Rachele Mussolini

Benito, meanwhile, having returned from Switzerland, moved after a couple of years to Forlì, to his father's place, and there he met Rachele again; for them it was the classic love at first sight.

[2][3] However, the families disagreed about their relationship, and so in 1909 Benito summoned his father and Rachele's mother and, wielding a revolver, told them that if they did not consent to their marriage, he would kill her and himself.

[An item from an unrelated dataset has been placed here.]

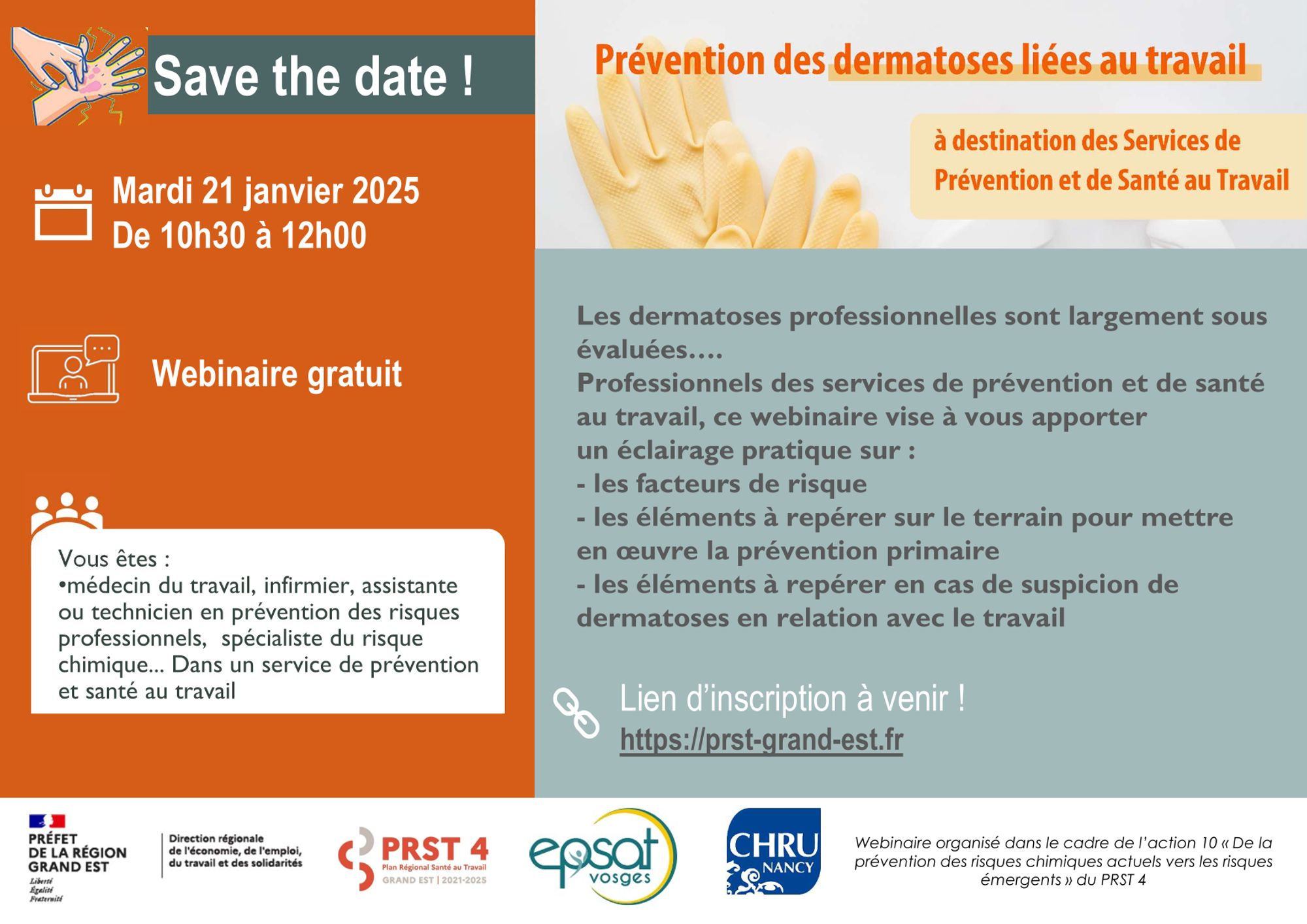 Plus de 330 personnes ont répondus présentes le jour J, (re)vivez cette présentation en suivant le lien ci-après : [Webinaire PRST4 Grand Est - Action 10] Prévention des dermatoses liées au travail 2025-01-21

Many sources agree that Rachel had a stern and authoritarian temperament, sometimes even more so than her husband: she was, for example, opposed to any act of clemency towards her son-in-law Galeazzo Ciano during the Verona trial and worsened, because of this, her relations with her daughter Edda, who called her “the real dictator of the house.”[6] Moreover, in the last months of 1943 she would go every night for two hours to talk with Guido Buffarini Guidi, minister of the interior of the Italian Social Republic, asking him for more severity in order to restore internal order.

She remained loyal to Mussolini until the end but, on 28 April 1945, was not with him when he and his mistress, Claretta Petacci, were captured and executed by Italian partisans.

Although she tried to flee from Italy after World War II, she was arrested in April 1945 in Como, close to Switzerland, by Italian partisans.